23401/33401 The Burden of History: The Nation and Its Lost Paradise

(SOSL 27300 / 37300,NEHC 20573,NEHC 30573,HIST 24005,HIST 34005)

The Other Within the Self: Identity in Balkan Literature and Film. This two-course sequence examines discursive practices in a number of literary and cinematic works from the South East corner of Europe through which identities in the region become defined by two distinct others: the “barbaric, demonic” Ottoman and the “civilized” Western European.This course begins by defining the nation both historically and conceptually, with attention to Romantic nationalism and its flourishing in Southeastern Europe. We then look at the narrative of original wholeness, loss, and redemption through which Balkan countries retell their Ottoman past. With the help of Freud's analysis of masochistic desire and Žižek's theory of the subject as constituted by trauma, we contemplate the national fixation on the trauma of loss and the dynamic between victimhood and sublimity. The figure of the Janissary highlights the significance of the other in the definition of the self. Some possible texts are Petar Njegoš's Mountain Wreath; Ismail Kadare's The Castle; and Anton Donchev's Time of Parting.

2014-2015 Winter

27701/37701 Imaginary Worlds: Fantastic & Magic Realism in Russia & Southeastern Europe

(SOSL 27700 / 37700,RUSS 27300,RUSS 37300)
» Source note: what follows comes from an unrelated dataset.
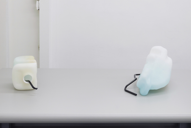 然而在观者看来,这些从日常语境和功能中被抽离出来的形态,以及把基座与法庭检查员办公台相结合的金属表面的额外维度,为作品提供了其他的诠释可能。“储液罐”系列或可被视作对环境政治的反思,考虑到刚在巴黎签署的迫使多国保证降低碳排放的历史性环境协定,这是一个适时的话题;而如今对塑料、纸板等材料的回收利用受到法律上的强制执行,在展厅中,观者所见则是被回收再用并做成雕塑的消耗品。在一家高档画廊中摆在工业基台上的Snobeck的雕塑作品模糊了艺术珍品与厂方回收废料之间的区隔。她的“储液箱”系列一如其易碎、略显抽象的塑料罐表亲那样,随波逐流并被冲上纯净的海岸,成为可供冥想的器皿。通过类似的形态与材料,此次展览将价值自身的流动性本质的认知托出水面。
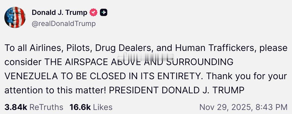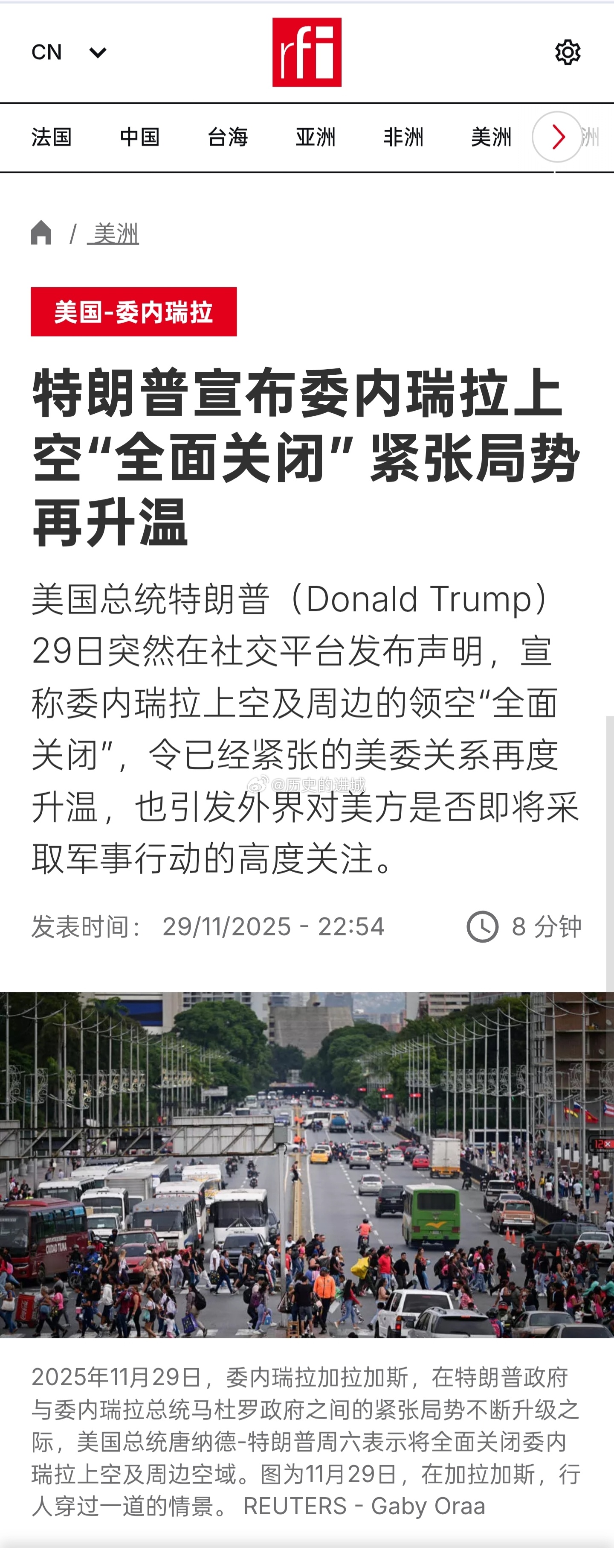 美国总统特朗普29日突然在社交平台发布声明,宣称委内瑞拉上空及周边的领空“全面关闭”,令已经紧张的美委关系再度升温,也引发外界对美方是否即将采取军事行动的高度关注。

In this course, we will ask what constitutes the fantastic and magic realism as literary genres while reading some of the most interesting writings to have come out of Russia and Southeastern Europe. While considering the stylistic and narrative specificities of this narrative mode, we also think about its political functions —from subversive to escapist, to supportive of a nationalist imaginary—in different contexts and at different historic moments in the two regions.